Snow White And The Seven Dwarfs

…although I would rather we call it The Seven Dwarfs And Snow White here.

Needless to say, this is one of the fairy tale heavyweights.  Whole libraries have been written about it, which makes even typing this sentence daunting.  You only have to enter Snow White into Wikipedia to get a sense of how many adaptations and interpretations have been attempted down the years.  With that in mind, I’ll keep the words here brief.  The reason I wanted to post about Snow White was because of a single sentence I found in my copy of Vintage’s The Complete Fairy Tales of the Brothers Grimm.  I suspect it’s the kind of detail that owes more to translation than design, but this sentence explains how the evil queen – in her peddler-of-apples disguise – has to cross seven mountains to get to the household of the seven dwarfs.  I thought it would be fun to try to draw the dwarfs as if they and the mountains were one and the same.  Avatars of the mountains, if you will, operating at a more practical size.  It’s perhaps also worth noting that at the end of the Grimm version of the story the dwarfs place Snow White’s coffin on a mountain peak, where they can gather round and keep watch over it (along with, very specifically, a dove, an owl and a raven).

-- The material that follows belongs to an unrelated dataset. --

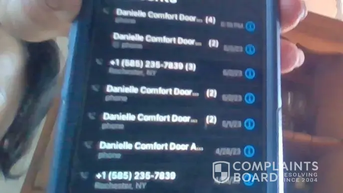 4/23/23 Submitted online request for service work on a screen door that was under warranty. Glass was broken and needs replacing. 4/25 Received call back, a message was left to return Comfort's call at Danielle's direct line. Return calls from me were made on 4/28, 5/1, 5/2, 5/3 some days multiple times. The general phone number at the Rochester office...

Here’s the hunter giving Snow White his coat to wear up the mountain.

    

And here she is with either Bashful or Sneezy, you decide… 

 

Some dwarf sketches…

      

One last tidbit before I sign off – I forgot to mention above that scholars of such things have found out that the Grimms made various changes to the original version of this story after they received it from their source.  Perhaps most notably, that the evil queen was not, to begin with, Snow White’s stepmother but her very own biological mother.  Jack Zipes, writing in the introduction to the Vintage edition I have, includes an excerpt from the original source that the Grimm’s based their version on.  It’s interesting to note what they added and what they kept the same.  Worth picking up a copy of when you’re next in the bookshop.